# Yunnan, China Towers



## JWW427 (Apr 26, 2021)

This is a beautiful video of old world technology in China.
The Feng Shui harmony can be felt even via video!
To me, this area is an earth energy site perhaps. Very sacred, and a snapshot of earlier and perhaps more advanced cultures.
Some have said that we cannot currently use these sites effectively because our aura vibration is too low. 
I hope that changes for future generations.




> Note: This OP was recovered from the Sh.org archive.





> Note: Archived Sh.org replies to this OP are included in this thread.


----------



## Archive (Apr 26, 2021)

> Note: This post was recovered from the Sh.org archive.Username: WeeWarriorDate: 2020-08-13 00:29:34Reaction Score: 0




JWW427 said:


> This is a beautiful video of old world technology in China.
> The Feng Shui harmony can be felt even via video!
> To me, this area is an earth energy site perhaps. Very sacred, and a snapshot of earlier and perhaps more advanced cultures.
> Some have said that we cannot currently use these sites effectively because our aura vibration is too low.
> I hope that changes for future generations.


Nice to see Milosh's work getting some love on SH! I watch all of his stuff and often wonder if he is asking the same questions we are, He has a talent for capturing scenes that reinforce my expanding theories about life, the universe and everything!

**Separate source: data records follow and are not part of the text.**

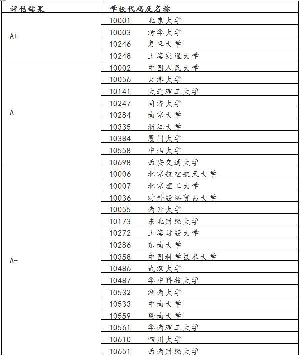 (首次專業學位水平評估結果1251 工商管理部分名單)
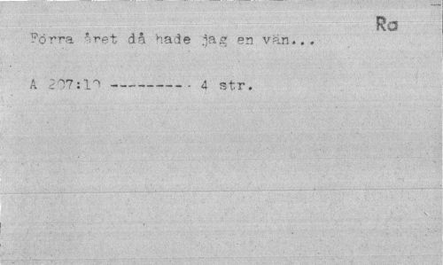//// R a //// Förra •*ret då hade jag' en vän... A 207:r> —---4 str. ////
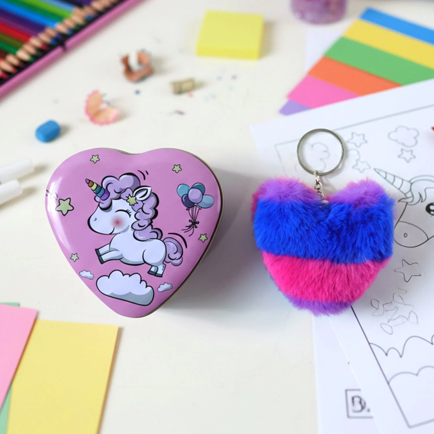 heart shape gift box set, cartoon gift box, plush keychain set, cute storage tin box, soft furry heart keychain, kids gift set, birthday gift combo, return gift set, party favor gift set, special occasion gifting, decorative heart box and keychain, novelty gift set for children, adorable gift box combo, playful heart keychain, multipurpose gift set, festive gifting set

I agree, this temple complex just seems to exude some kind of soothing vibration. All those people dancing and making music seem to be personifying that energy.


----------



## Archive (Apr 26, 2021)

> Note: This post was recovered from the Sh.org archive.Username: jesuitDate: 2020-08-13 01:01:19Reaction Score: 0


I believe those are Nestorian Christian Pagoda's. They were built when Christianity (from Church of the East, not affiliated with the Papacy) was flourishing in China. I could totally see the top of those structures lighting up in some way


----------